Крови вытекло мало, благодаря тому, что помощник сжимал ляжку. Быстро были перевязаны три артерии. Но врач качал головой; когда помощник разжал пальцы, врач осмотрел рану и, уверенный, что раненый еще не может его услышать, буркнул:

— Досадно! Маленькие артерии не дают крови.

Он закончил диагноз, молча махнув рукой; ещё один пропащий человек! И на его потном лице снова появилось выражение страшной усталости и грусти, безнадежный вопрос: «К чему?» Ведь из десяти не спасешь и четырех. Он отер лоб, принялся разглаживать кожу и накладывать швы. (…)

Свалочное место пополнялось; там уже валялось два новых трупа; у одного был непомерно открыт рот, словно покойник еще кричал; другой весь съежился в чудовищной агонии и казался тщедушным, уродливым ребенком. Куча обрубков разрослась до соседней аллеи. Не зная, куда приличней положить ногу капитана, санитар заколебался и наконец решил бросить ее в общую кучу.

— Ну, готово! — сказал Бурош, приводя Бодуэна в чувство. — Вы вне опасности!

Но капитан не испытывал радости, которая обычно появляется после удачных операций. Он чуть приподнялся, упал и слабым голосом пробормотал:

— Спасибо! Лучше уж совсем покончить!

Он почувствовал, что его жжет спиртовая перевязка. Когда санитары подходили с носилками, чтобы унести его, вся фабрика затряслась от страшного залпа: за навесом, в небольшом дворике, где стоял насос, разорвался снаряд. Стекла разбились вдребезги, и лазарет наполнился густым дымом. В сушильне раненые приподнялись на соломе; все закричали от ужаса, все хотели бежать. (…)

Они вымыли стол, еще раз вылили ведра красной воды на лужайку. Клумба маргариток была уже сплошной кровавой кашей из зелени и растерзанных цветов, плавающих в крови. А врач, которому принесли «номер третий», принялся, чтобы немного отдохнуть, искать пулю, которая раздробила нижнюю челюсть и, наверное, застряла под языком. Кровь лилась ручьями, пальцы доктора слиплись. (…)

Бурош был завален работой, разъярен; он сошел вниз, крича, что предпочел бы отрезать ногу самому себе, чем заниматься своим делом в таких гнусных условиях, без приличного материала, без необходимых помощников. И правда, уже не знали, куда девать раненых; решили укладывать их в траву на лужайку. Они валялись там уже в два ряда; стонали, ждали перевязки под открытым небом, под снарядами, которые все еще сыпались дождем. Раненых свозили в лазарет с двенадцати часов дня, их набралось уже больше четырехсот; Бурош потребовал еще хирургов, а ему прислали только молодого городского врача. Бурош не мог справиться один со всей работой; он исследовал раны зондом, резал, пилил, зашивал; он был вне себя, в отчаянии, что работы все больше и больше…»

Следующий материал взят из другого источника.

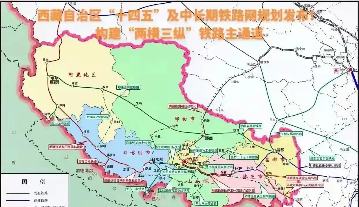 西藏将成为进出辖区铁路最多的省区。 青藏铁路已开通运营,川藏铁路,滇藏铁路正紧张施工,新藏铁路即将动工。 规划中的甘藏铁路,川藏铁路二线。 不久的将来,西藏将有六条进藏铁路。 西藏需要一个新的大都市,可以大力发展山南市和林芝市,在确定两个有影响力的大城市把内地人迁移过去这样子更有助于西藏的快速发展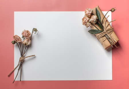 Spring bouquet of dried flowers with Steel letter opener and Empty Blank Paper, on vintage background. Selective focus. copy space.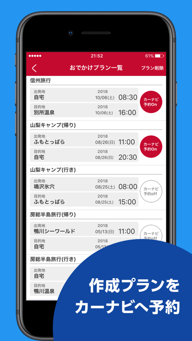 よく行くスポット、または行きたいスポットがあちこちにあり、頻繁に運転するという人に向いているアプリです。カーナビと連携することでブックマークしたスポットを転送したり、アプリ側で作成したプランを転送することも可能。プラン作成が少々面倒に感じる部分もありますが、手持ちのカーナビもきちんと活用できるのは嬉しいです。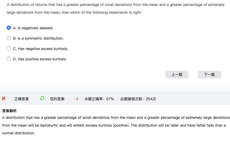 题目的意思是大部分距离均值小,还有大部分距离均值非常远,所以是尖峰肥尾。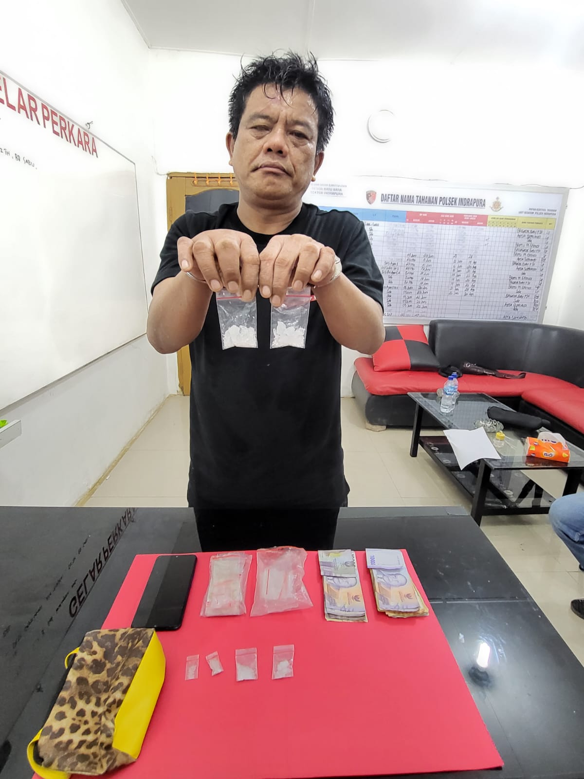 Tersangka an. Dedy Sapriadi Alias.Dedy Turjek , alias juragan, Lk , Islam, (52), Pekerjaan Tidak Tetap, alamat Jln. Syahrifuddin Link.II Kel. Indrapura Kota Kec. Air putih Kab. Batu Bara, berhasil di tangkap di Link. II Kel. Indrapura Kec. Air Putih Kab. Batu Bara.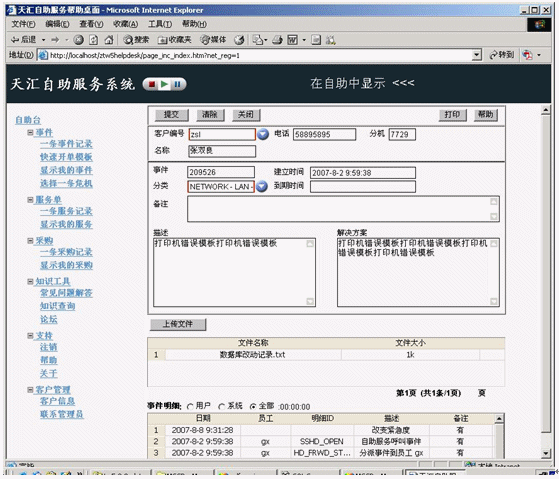 事件記錄應(yīng)該在某個(gè)服務(wù)臺(tái)工具中記錄和跟蹤,該工具最好是作為集成的服務(wù)管理工具集的構(gòu)成部分。該工具應(yīng)該在引發(fā)新的事件時(shí)提供最基本的事件記錄。比如為了幫助提高效率,當(dāng)你在天匯幫助臺(tái)的用于記錄事件的事件窗口中輸入請(qǐng)求發(fā)起者的姓名時(shí),利用客戶數(shù)據(jù)庫(kù)可以自動(dòng)填充諸如位置、部門和聯(lián)系詳細(xì)信息等字段。天匯幫助臺(tái)還支持使用計(jì)算機(jī)電話集成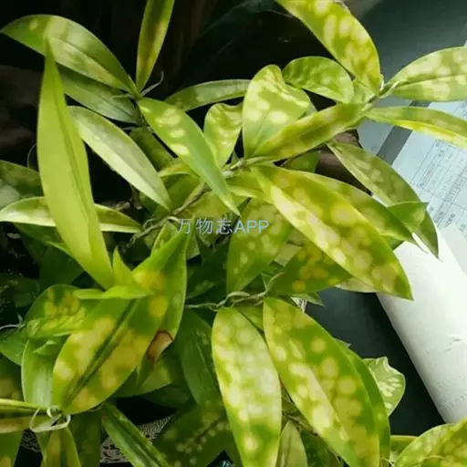 单叶对生或三叶轮生,长椭圆形,浓绿色或橄榄色,叶面上布满乳白色或黄色的小斑点。花黄绿色,花期5月。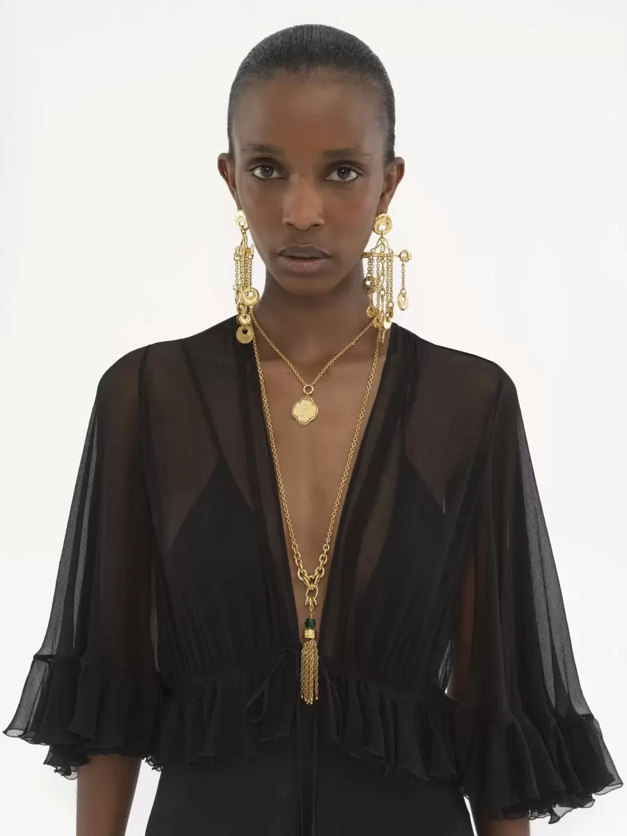 Fluid V-neck long dress in washed crêpe satin with silk-mix lining, featuring gathered details, ruffled trim and dangling ties finished with gold-toned metal tips.

Я хочу особо подчеркнуть, что пока речь шла лишь о тех госпиталях, которые оказывали первичную помощь раненым. Находились в непосредственной близости к передовой. Зачастую в зоне поражения вражеского огня.

Из передовых госпиталей раненые отправлялись в более глубокий тыл. По трем причинам. Во-первых, было необходимо обеспечивать прием новых раненых. Во-вторых, в тылу раненые должны были проходить дальнейшее, более серьезное лечение. И в-третьих, близость передовой угрожала их жизни. Они в любой момент могли превратиться в жертв не только обстрела, но и ярости прорвавшегося врага.

Я не стану приводить всем известные примеры подобных расправ гитлеровцев и зверств японцев во Вторую мировую войну. Об убийстве версальцами 300 раненых в лазарете Сен-Сюльпис во времена Парижской коммуны. О смертельных инъекциях, которые делала кувейтская медсестра иракским раненым. И прочее, прочее, прочее…

Все эти подробности можно найти в моей книге «Неизвестные лики войны».

Я лишь хочу сказать, что военная история знает немало таких случаев.

Это ВОЙНА, независимо от того, когда и кто расправлялся с беспомощными ранеными.

Из личных разговоров я узнал от очевидца (по понятным причинам я не называю его имени), что наши солдаты расстреляли в Афганистане госпиталь Международного Красного Креста. Возможно, этот случай был не единичным. Рассказывавший ветеран ДРА сообщил об этом как бы между прочим, без бравады и без раскаяния. Скорее, он напоминал человека, погруженного в глубокий транс. Было видно, что ему в этот момент совершенно наплевать на все упреки, одобрения и вообще на оценку его поступка другими людьми.